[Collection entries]
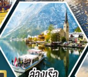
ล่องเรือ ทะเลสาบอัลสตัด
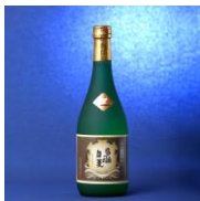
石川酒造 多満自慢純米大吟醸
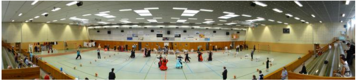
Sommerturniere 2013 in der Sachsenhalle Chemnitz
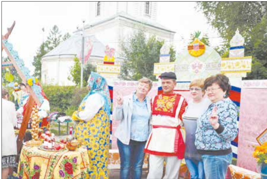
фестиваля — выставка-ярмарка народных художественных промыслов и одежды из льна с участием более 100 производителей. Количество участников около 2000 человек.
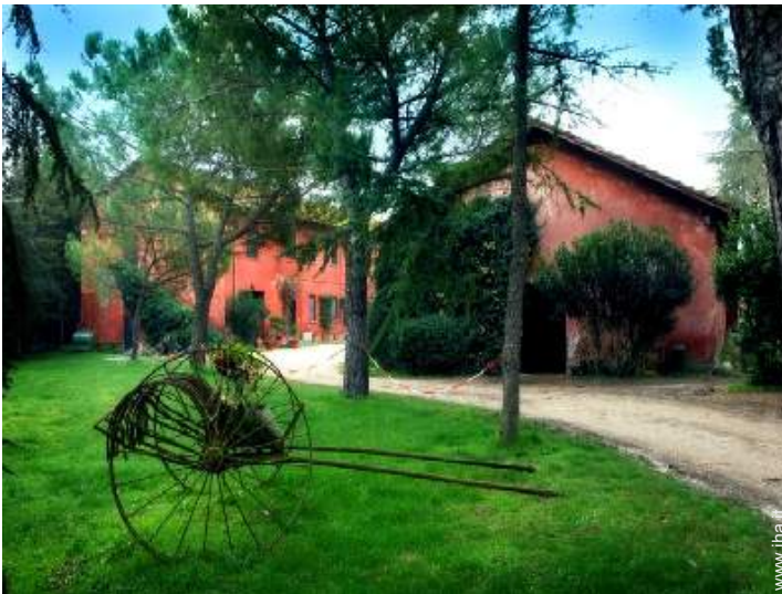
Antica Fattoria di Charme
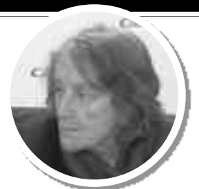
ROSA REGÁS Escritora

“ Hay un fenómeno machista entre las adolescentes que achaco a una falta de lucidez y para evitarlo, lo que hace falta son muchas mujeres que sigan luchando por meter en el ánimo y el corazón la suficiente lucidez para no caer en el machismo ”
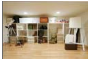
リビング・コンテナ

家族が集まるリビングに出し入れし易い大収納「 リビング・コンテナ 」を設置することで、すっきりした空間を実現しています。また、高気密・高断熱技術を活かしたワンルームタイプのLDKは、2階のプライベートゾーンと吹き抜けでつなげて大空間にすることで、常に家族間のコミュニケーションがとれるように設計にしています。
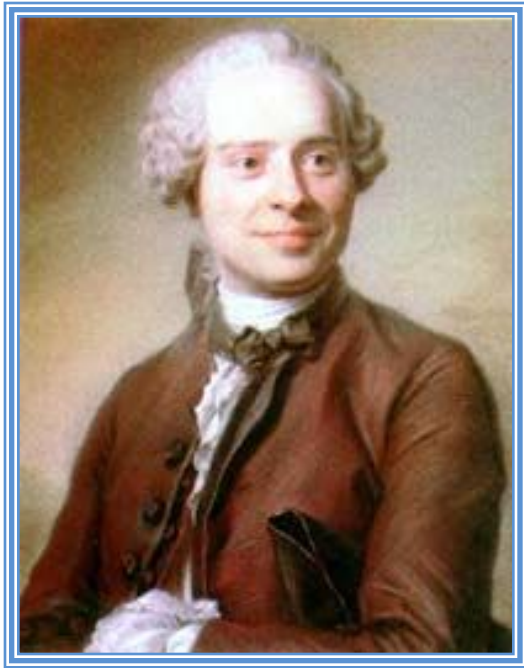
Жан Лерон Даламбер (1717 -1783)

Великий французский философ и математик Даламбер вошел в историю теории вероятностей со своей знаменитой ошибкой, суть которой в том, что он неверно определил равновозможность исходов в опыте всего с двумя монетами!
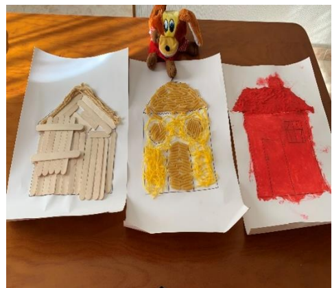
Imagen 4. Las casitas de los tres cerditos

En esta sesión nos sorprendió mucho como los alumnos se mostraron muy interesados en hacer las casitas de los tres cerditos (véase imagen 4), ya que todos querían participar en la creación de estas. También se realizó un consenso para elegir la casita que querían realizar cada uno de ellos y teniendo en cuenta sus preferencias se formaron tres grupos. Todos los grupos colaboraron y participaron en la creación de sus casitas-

* * *

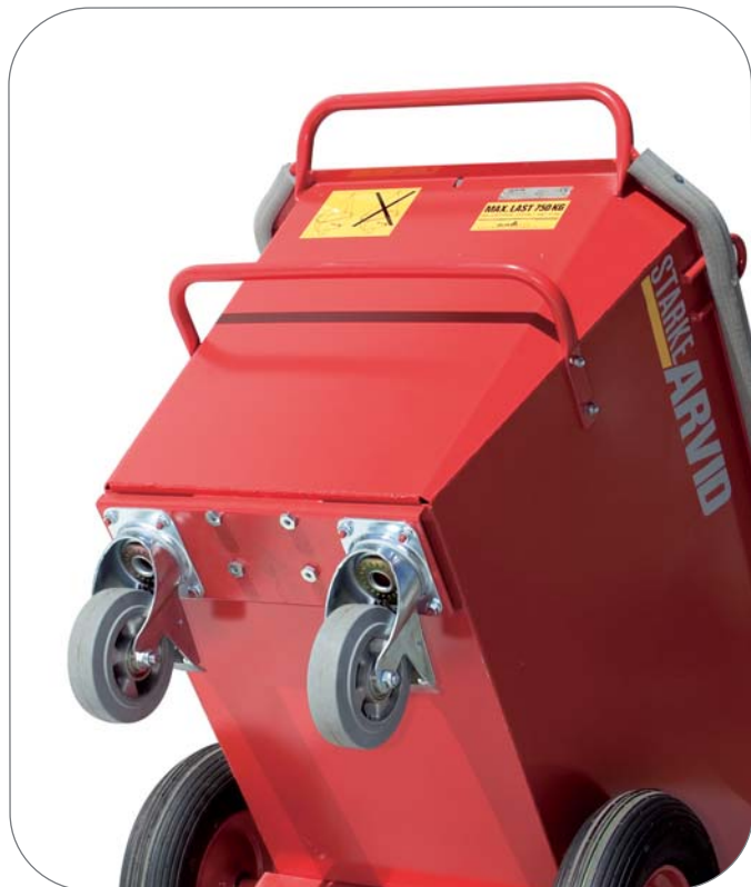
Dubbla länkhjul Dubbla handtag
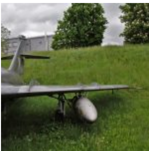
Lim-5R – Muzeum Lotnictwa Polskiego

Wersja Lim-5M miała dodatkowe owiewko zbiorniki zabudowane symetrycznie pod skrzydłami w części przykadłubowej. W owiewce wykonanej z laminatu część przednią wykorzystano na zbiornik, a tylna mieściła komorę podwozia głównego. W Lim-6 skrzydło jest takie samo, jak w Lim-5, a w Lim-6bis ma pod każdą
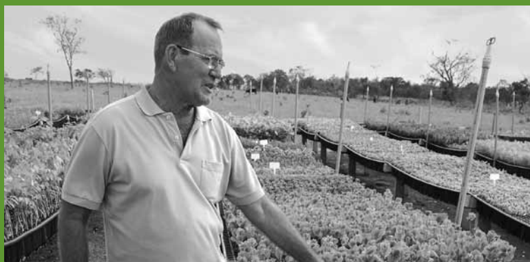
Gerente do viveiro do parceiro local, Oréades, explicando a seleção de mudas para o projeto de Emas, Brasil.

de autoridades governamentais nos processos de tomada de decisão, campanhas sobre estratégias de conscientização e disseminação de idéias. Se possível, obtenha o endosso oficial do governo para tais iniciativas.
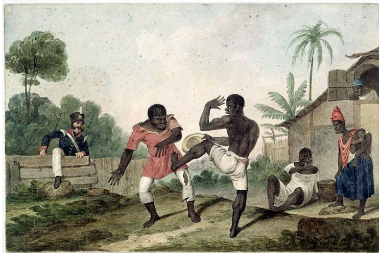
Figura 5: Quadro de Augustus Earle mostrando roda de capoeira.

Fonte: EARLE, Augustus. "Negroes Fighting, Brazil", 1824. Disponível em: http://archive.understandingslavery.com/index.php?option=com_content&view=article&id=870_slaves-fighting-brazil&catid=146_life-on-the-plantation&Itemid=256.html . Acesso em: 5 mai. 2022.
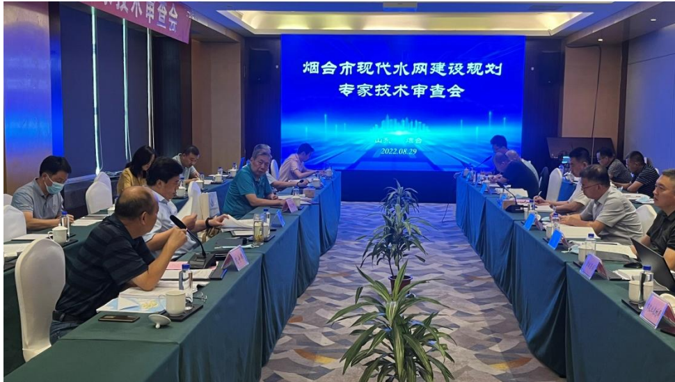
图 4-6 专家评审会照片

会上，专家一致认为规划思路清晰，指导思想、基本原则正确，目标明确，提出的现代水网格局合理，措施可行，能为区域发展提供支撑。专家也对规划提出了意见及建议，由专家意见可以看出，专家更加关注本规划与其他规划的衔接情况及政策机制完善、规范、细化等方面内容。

* * *

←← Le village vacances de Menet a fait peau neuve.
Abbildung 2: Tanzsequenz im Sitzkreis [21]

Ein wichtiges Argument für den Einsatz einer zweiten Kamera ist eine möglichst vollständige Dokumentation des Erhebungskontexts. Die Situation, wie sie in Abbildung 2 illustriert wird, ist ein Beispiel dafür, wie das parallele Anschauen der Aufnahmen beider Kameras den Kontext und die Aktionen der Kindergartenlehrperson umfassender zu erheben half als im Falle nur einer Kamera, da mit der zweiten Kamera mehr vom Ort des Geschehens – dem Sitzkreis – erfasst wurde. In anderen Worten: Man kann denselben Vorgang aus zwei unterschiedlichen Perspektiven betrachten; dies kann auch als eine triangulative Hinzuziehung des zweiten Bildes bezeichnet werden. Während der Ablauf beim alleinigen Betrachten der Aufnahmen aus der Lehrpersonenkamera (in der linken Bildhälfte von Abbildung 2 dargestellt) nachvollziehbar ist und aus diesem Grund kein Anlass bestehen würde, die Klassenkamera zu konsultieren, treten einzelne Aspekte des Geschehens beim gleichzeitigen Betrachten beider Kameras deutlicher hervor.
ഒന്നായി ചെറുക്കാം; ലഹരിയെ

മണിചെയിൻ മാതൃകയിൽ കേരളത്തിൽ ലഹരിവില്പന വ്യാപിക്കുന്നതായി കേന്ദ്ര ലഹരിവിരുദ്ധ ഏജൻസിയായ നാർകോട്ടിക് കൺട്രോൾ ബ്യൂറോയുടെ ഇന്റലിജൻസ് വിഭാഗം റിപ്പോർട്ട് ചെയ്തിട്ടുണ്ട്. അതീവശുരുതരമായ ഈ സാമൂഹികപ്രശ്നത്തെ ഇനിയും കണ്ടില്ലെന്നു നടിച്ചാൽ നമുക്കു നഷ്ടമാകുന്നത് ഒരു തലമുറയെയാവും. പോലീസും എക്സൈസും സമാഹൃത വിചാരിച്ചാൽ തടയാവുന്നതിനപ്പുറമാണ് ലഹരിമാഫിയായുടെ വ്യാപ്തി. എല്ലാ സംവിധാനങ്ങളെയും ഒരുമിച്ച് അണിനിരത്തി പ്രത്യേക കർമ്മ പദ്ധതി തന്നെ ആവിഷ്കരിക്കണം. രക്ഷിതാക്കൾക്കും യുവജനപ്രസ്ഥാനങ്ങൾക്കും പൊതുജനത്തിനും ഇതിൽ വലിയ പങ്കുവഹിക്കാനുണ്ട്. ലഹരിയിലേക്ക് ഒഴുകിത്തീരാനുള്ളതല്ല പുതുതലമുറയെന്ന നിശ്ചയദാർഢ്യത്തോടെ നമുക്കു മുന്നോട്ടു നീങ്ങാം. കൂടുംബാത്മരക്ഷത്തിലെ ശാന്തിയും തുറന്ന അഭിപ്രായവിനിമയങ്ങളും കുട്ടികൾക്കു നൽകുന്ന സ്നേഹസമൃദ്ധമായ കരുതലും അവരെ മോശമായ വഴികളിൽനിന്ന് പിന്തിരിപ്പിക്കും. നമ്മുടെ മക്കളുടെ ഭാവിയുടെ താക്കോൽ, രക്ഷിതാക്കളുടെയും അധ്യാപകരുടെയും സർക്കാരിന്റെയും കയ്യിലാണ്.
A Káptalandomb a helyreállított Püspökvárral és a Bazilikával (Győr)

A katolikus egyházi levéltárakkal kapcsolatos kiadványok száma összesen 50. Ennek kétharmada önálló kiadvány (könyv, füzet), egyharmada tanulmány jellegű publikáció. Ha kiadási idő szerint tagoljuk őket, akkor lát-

Task details:
Using the data above, print only the lines starting at the one with "Жан Лерон Даламбер (1717 -1783)" and ending at the one with "En esta sesión", exactly as they stand, minus the pictures.

Completed exercise:
Жан Лерон Даламбер (1717 -1783)

Великий французский философ и математик Даламбер вошел в историю теории вероятностей со своей знаменитой ошибкой, суть которой в том, что он неверно определил равновозможность исходов в опыте всего с двумя монетами!
Imagen 4. Las casitas de los tres cerditos

En esta sesión nos sorprendió mucho como los alumnos se mostraron muy interesados en hacer las casitas de los tres cerditos (véase imagen 4), ya que todos querían participar en la creación de estas. También se realizó un consenso para elegir la casita que querían realizar cada uno de ellos y teniendo en cuenta sus preferencias se formaron tres grupos. Todos los grupos colaboraron y participaron en la creación de sus casitas-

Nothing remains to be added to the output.